One way or another, Russia is capable of straining every sinew in pursuit of strategic military objectives. If that entails having a life expectancy 15-20 years lower than in the West, then so be it. Nobody cares about that.

But what does Vlad care about? What in his mind justifies such a gigantic effort?

Vlad’s propaganda screams as loudly as Khrushchev’s did about the West encircling Russia and only waiting for a propitious moment to strike. That many Russians swallow that bilge is understandable: like most people, they rely on TV to form their view of life.

Yet amazingly a couple of months ago I heard a British professor lecturing in all seriousness on the validity of such fears. He stopped just short of saying that NATO plans a first strike on Russia, but he did say that the Russians’ fears are justified.

Now in a sane world such fears would only be justified if an unprovoked NATO attack were a possibility, however remote. But it isn’t: no US president will push the red button with blithe disregard for the likely retaliation.

Vlad knows that. So why the muscle-flexing posturing, in line with Vlad’s much photographed bare torso?

It could be merely an attempt to blackmail the West into some concessions, such as the lifting of sanctions. But it could also be something more sinister than that.

Every state has to have a claim to its legitimacy, such as a time-honoured constitution or, say, divine right. The legitimacy of every Russian government has always been based on the promise of growing strength and imperial expansion. In Soviet times, those who were sceptical about that promise were subjected to no-holds-barred violence on a scale never before seen in history.

Putin’s state is history’s unique blend of secret police and organised crime, which at this point still uses violence selectively – it hasn’t yet got to a point where it has to murder millions in order to survive.

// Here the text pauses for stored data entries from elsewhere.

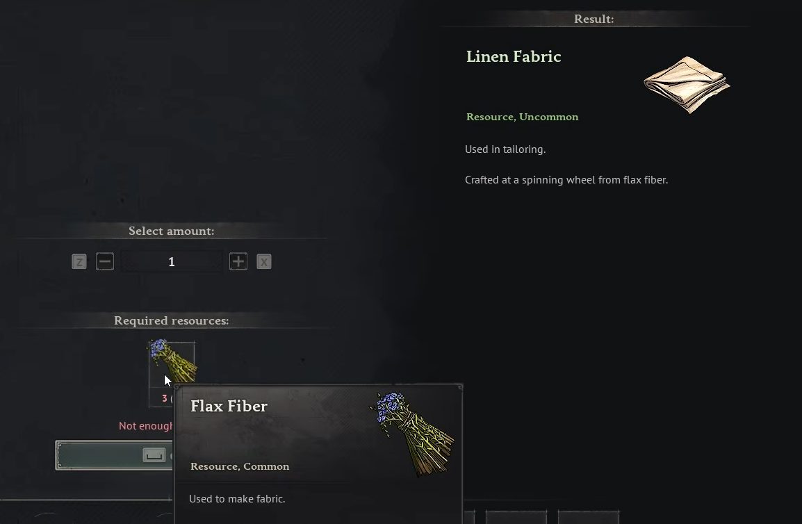 Step 3: Return to base and interact with a Spinning Wheel. Select the Linen Fabric recipe and convert your Flax Fiber into cloth. That finishes the first ingredient.
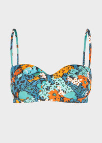 This bandeau bikini top features a blue 'Tropical Floral' pattern throughout. This top is finished with a turquoise lining and a slightly padded cup. Woven, 86% Polyamide, 14% Elastane Machine Washable Product Code: W1A-318F-KU339-42
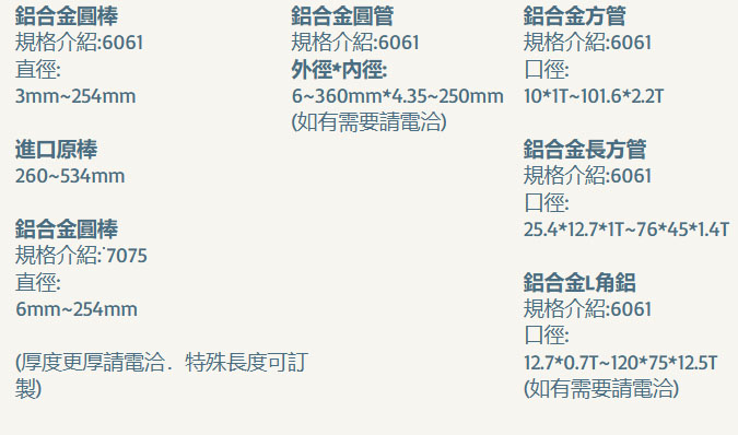 Aluminum alloys: square bars, square tubes, flat bars, flat tubes, round bars, round tubes (6061, 6063, 6463, 7075)
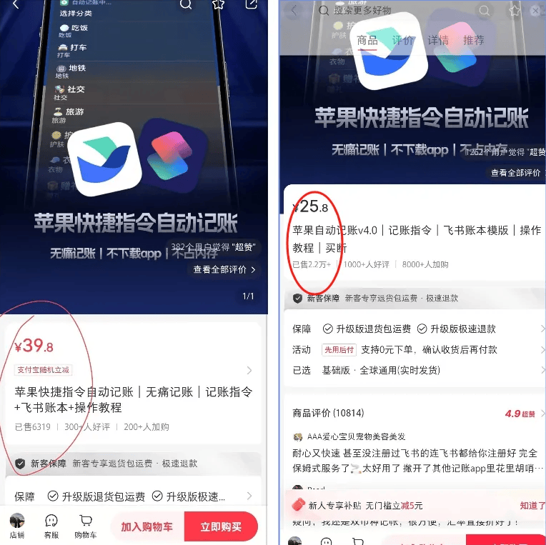 我仔细研究了他的店铺,发现有两款卖得好的产品,内容其实差不多,就是定价不一样,一个 25.8 元,一个 39.9 元,光这两款加起来就赚了 81.9 万。
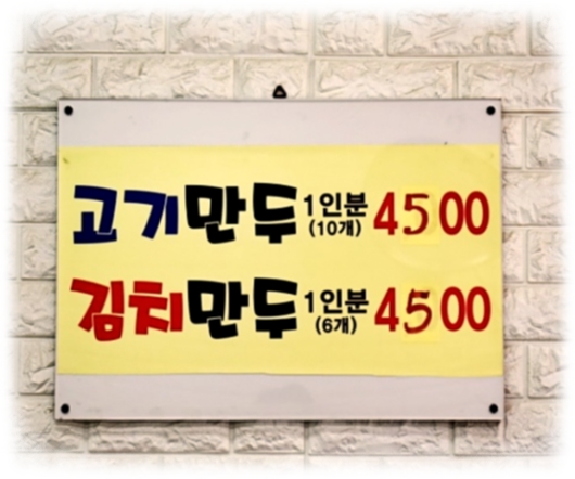 만두가게 메뉴는 기존에는 여러가지 있었는데, 현재는 고기만두와 김치만두만 하고 계시고, 메뉴 가격은 고기만두 1인분(10개) 4,500냥이고, 김치만두는 1인분(6개) 4,500냥입니다.
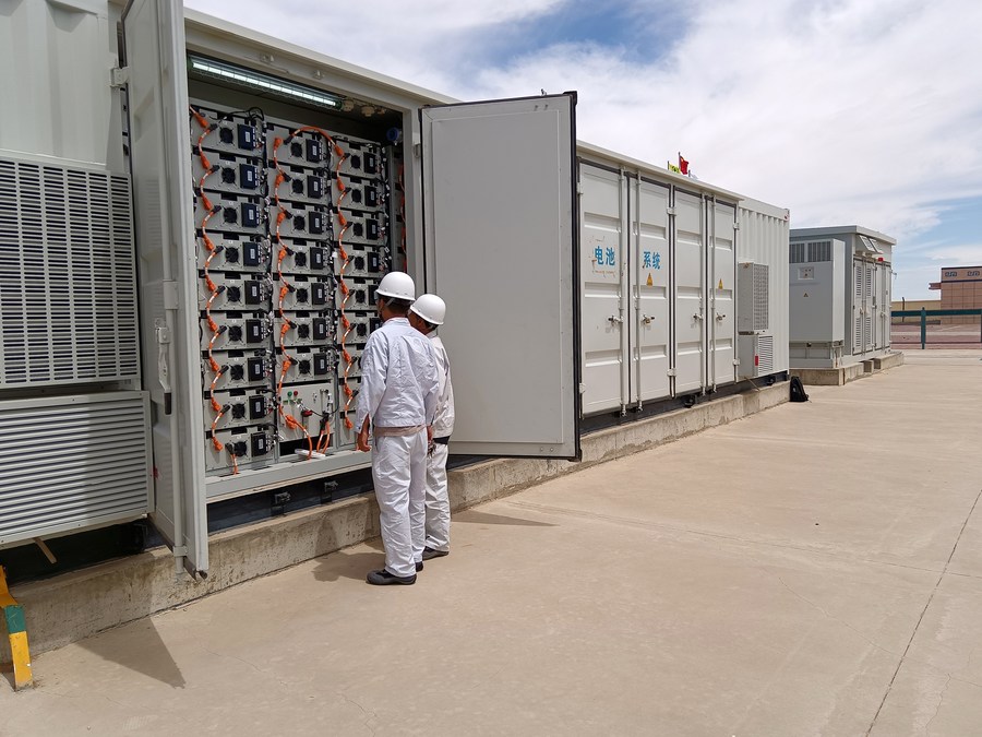 7月6日,工作人員在內(nèi)蒙古自治區(qū)錫林郭勒盟蘇尼特右旗20萬千瓦牧光儲綜合示范項目現(xiàn)場進(jìn)行巡檢。新華社發(fā)(郭玉軍 攝)

So much more does it depend on the traditional promise being accepted: take imperial sabre-rattling out, and Vlad’s junta must either go out of business or start culling Russians on a Stalin scale.

This explains why Vlad incongruously extolls both tsarist Russia and the regime that destroyed it. He accepts neither in its entirety; what appeals to him is the element on which they overlap: a show of imperial force. Without this he knows he not only won’t stay in power, but may not even be allowed to live to enjoy his purloined billions.

Hence his increasingly aggressive policy aimed at restoring the tsarist-Stalinist empire. Vlad’s forays into Chechnya, Georgia and the Ukraine have received but a mild slap on the wrist – the West was sufficiently scared of the razor Vlad was brandishing already.

That he now deems it necessary to wave more diabolical weapons may suggest that he plans actions that the West might otherwise punish more decisively. This can only be something Khrushchev didn’t dare launch: an attack on Russia’s neighbours that happen to be NATO members.

If so, the West must scrape together as much resolve as possible. We must take seriously not the metaphorical madman, but the razor in his hand – and be prepared to respond in kind.